-- Opening Marker --

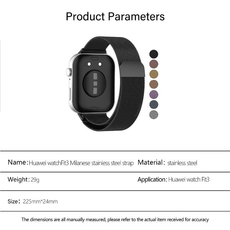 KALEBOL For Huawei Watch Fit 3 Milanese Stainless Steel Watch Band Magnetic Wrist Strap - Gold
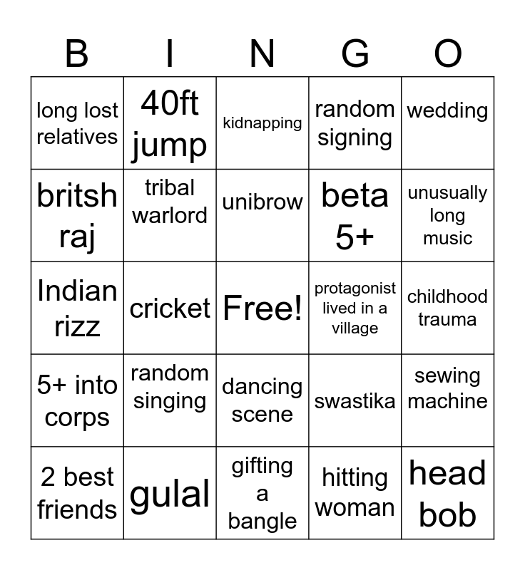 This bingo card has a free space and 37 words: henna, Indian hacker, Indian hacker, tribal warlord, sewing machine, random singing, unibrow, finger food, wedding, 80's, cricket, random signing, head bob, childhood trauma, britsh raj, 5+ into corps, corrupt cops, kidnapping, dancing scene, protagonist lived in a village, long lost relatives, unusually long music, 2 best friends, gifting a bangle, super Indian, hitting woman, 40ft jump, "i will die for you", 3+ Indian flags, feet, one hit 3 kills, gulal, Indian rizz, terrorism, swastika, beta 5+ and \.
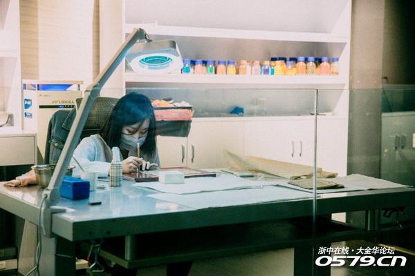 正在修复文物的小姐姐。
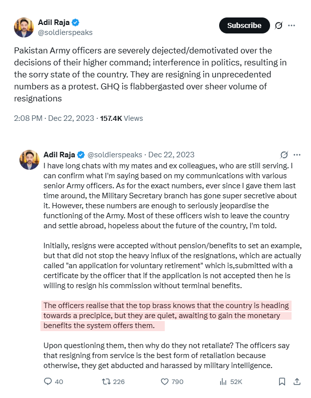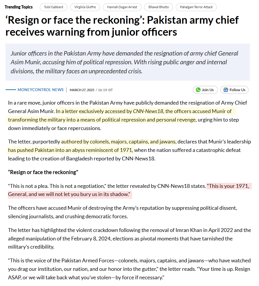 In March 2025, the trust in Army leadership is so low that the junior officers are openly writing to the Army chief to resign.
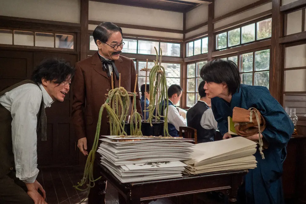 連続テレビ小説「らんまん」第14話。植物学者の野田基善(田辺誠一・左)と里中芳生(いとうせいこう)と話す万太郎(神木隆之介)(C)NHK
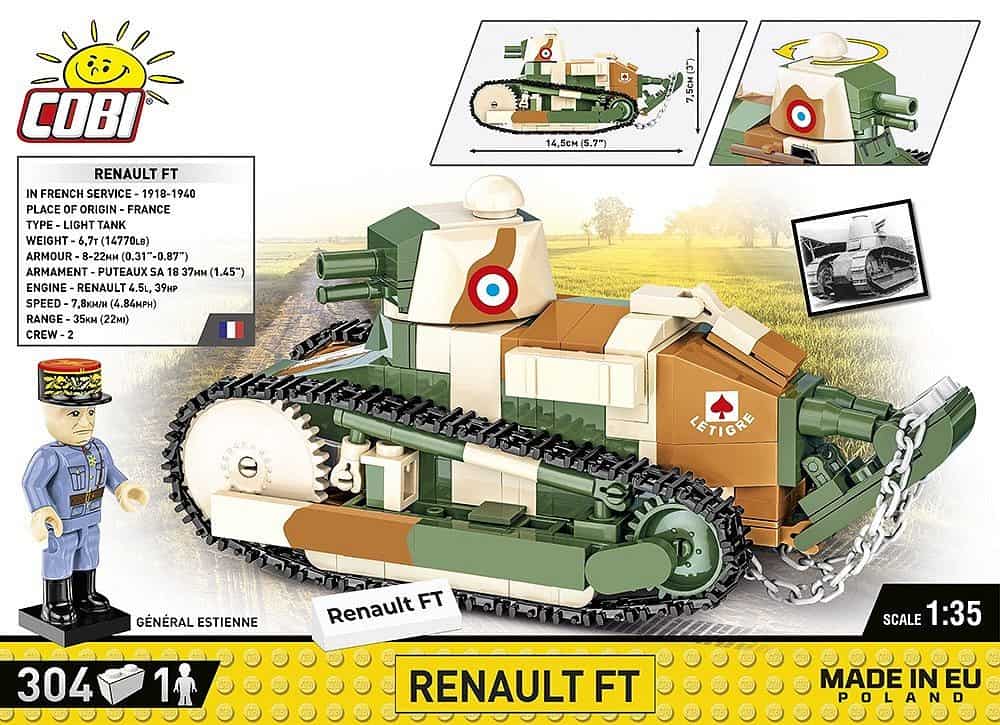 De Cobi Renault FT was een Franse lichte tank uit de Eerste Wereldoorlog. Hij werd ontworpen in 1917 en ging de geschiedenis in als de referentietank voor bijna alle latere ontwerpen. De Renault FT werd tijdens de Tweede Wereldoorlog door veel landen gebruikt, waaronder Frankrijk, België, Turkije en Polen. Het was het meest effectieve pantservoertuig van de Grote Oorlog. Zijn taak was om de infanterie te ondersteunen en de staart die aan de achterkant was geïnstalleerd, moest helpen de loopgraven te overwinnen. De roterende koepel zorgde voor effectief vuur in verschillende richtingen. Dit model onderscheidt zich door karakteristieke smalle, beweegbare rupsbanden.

-- Closing Marker --

• _TASK DESCRIPTION_: Above are the records; copy from them only the lines starting at the one containing "In March 2025, the" and ending at the one containing "連続テレビ小説「らんまん」第", exactly and without pictures.

• _WRITTEN REPLY_:
 In March 2025, the trust in Army leadership is so low that the junior officers are openly writing to the Army chief to resign.
 連続テレビ小説「らんまん」第14話。植物学者の野田基善(田辺誠一・左)と里中芳生(いとうせいこう)と話す万太郎(神木隆之介)(C)NHK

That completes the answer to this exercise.